Валюшка призналась мне потом, что они очень рады исчезновению Милы, они боялись: вдруг у нее возникнут претензии на квартиру. «Знаешь, эти бывшие репрессированные не ангелы».

– А кто ангелы? – спросила я.

– Я атеистка, – ответила моя подружка.

Откуда мне знать, были ли еще столь запоздалые случаи прозрения и знания или моя хозяйка просто уникальный пример глухоты и неосведомленности. Но так было. И сейчас я думаю: может, это и хорошо? Когда была девчонкой, мне снилось, что я Жанна д’Арк и меня сжигают на костре. Но в последний момент, когда огонь уже лижет ноги, кто-то человеколюбивый стреляет в мое сердце, спасая меня от страданий. Проснувшись, я думала: а вдруг бы огонь не занялся? Вдруг бы хлынул ливень? Вдруг бы смилостивился король? На эти вопросы у меня не было ответов. Ибо нам не дано знать, что ожидает нас через минуту. Хотя мои знакомые любят повторять: лучше ужасный конец, чем ужас без конца. Но при чем здесь Мила с ее родословной? И вообще – зачем ее настигло прошлое?

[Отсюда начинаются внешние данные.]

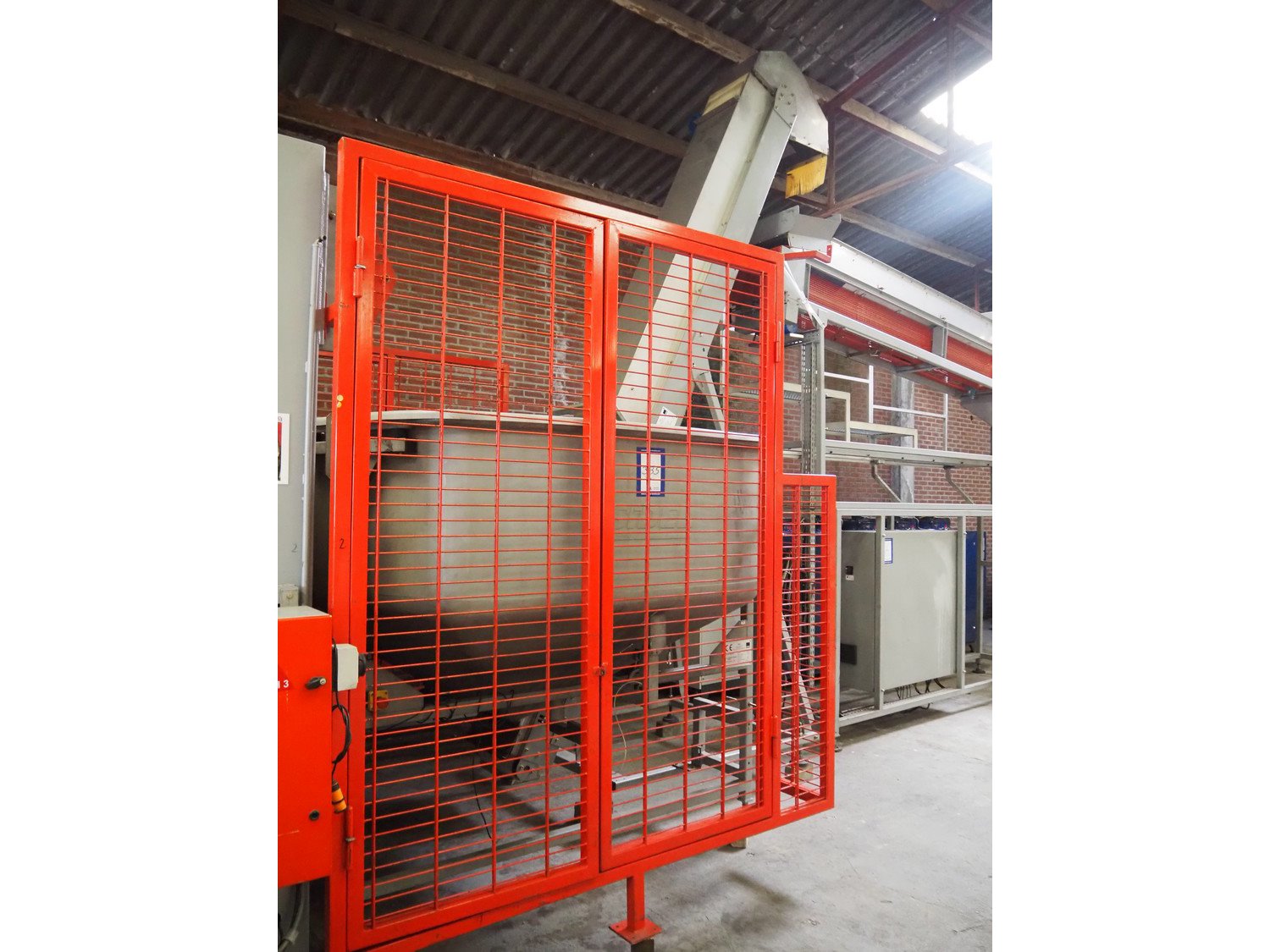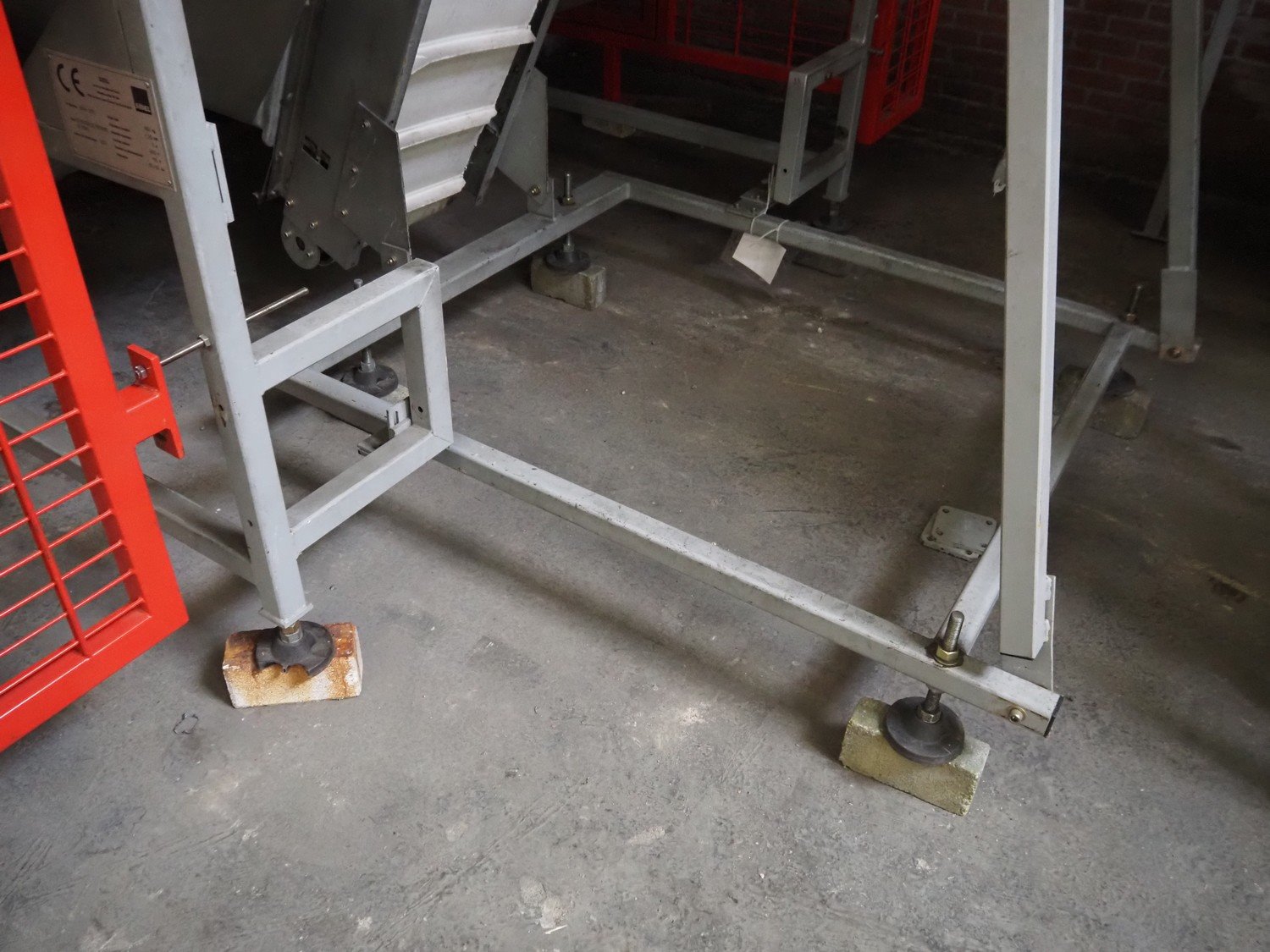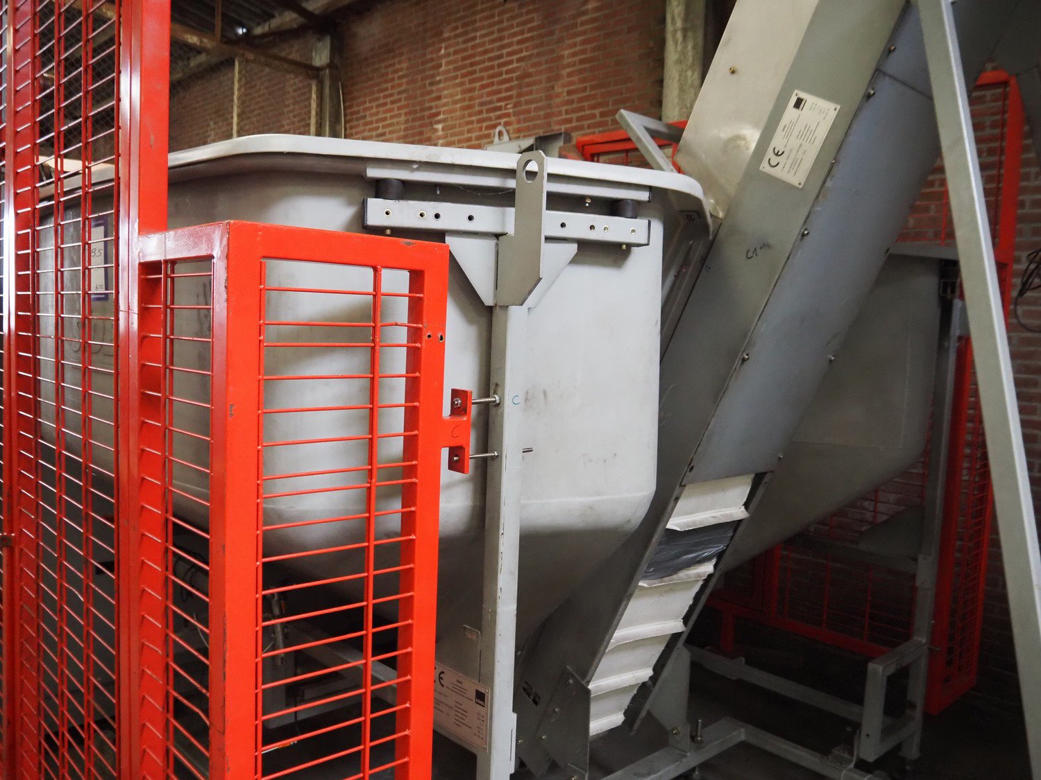 Sidel infeed bunker with elevating belt, type: Distributeur de Preformes A3 Elevateur, year of construction: 2001, 400 V, 50/60 Hz, 1.25 kW, 5 A, 345 kg, inside dimensions hopper: 2600 mm x 2000 mm x 1300 mm, elevating belt width divider, plastic belt, belt width: 400 mm, distance between dividers: 200 mm, divider height: 40 mm, elevating height: 4250 mm, total dimensions: 3900 mm x 3400 mm x 4950 mm.

Я не знаю, что потом оно настигнет и меня.

То, что Мила уехала, не оставив записки и не сказав до свидания, обидело. Я пришла забрать у нее библиотечную биографию ее отца, но дверь была открыта, два матраца свернуты и лежали у изголовья, как в казарме. Две чистые кастрюльки стояли кверху дном. На них лежали крышки. Две чашки тоже были дном кверху, а в третьей стояли зубьями вверх алюминиевые вилки, ножи и ложки. На крючке висела дворницкая амуниция. Не было библиотечной книги, книги студента и фотографии. На стене осталась висеть фотография Нюры и стриженой девчонки в пальто с рукавами до колен на вырост. Мила не взяла и отдельную фотографию Нюры, когда та была еще молодая.

И тут я поняла значение слова «брехуха», которое тогда произнесла Мила. Так она назвала Нюру. И лицо, которое хотелось мне смыть, было лицом ненависти. Господи, за что? Как она смела?

«Свинство», – подумала я, снимая фотографии со стенки. Потом мне стало стыдно, что я как бы выставляюсь лучше, чем она, а потом стало страшно за нее, уже немолодую, темную, не знающую мира. Ушедшую в никуда.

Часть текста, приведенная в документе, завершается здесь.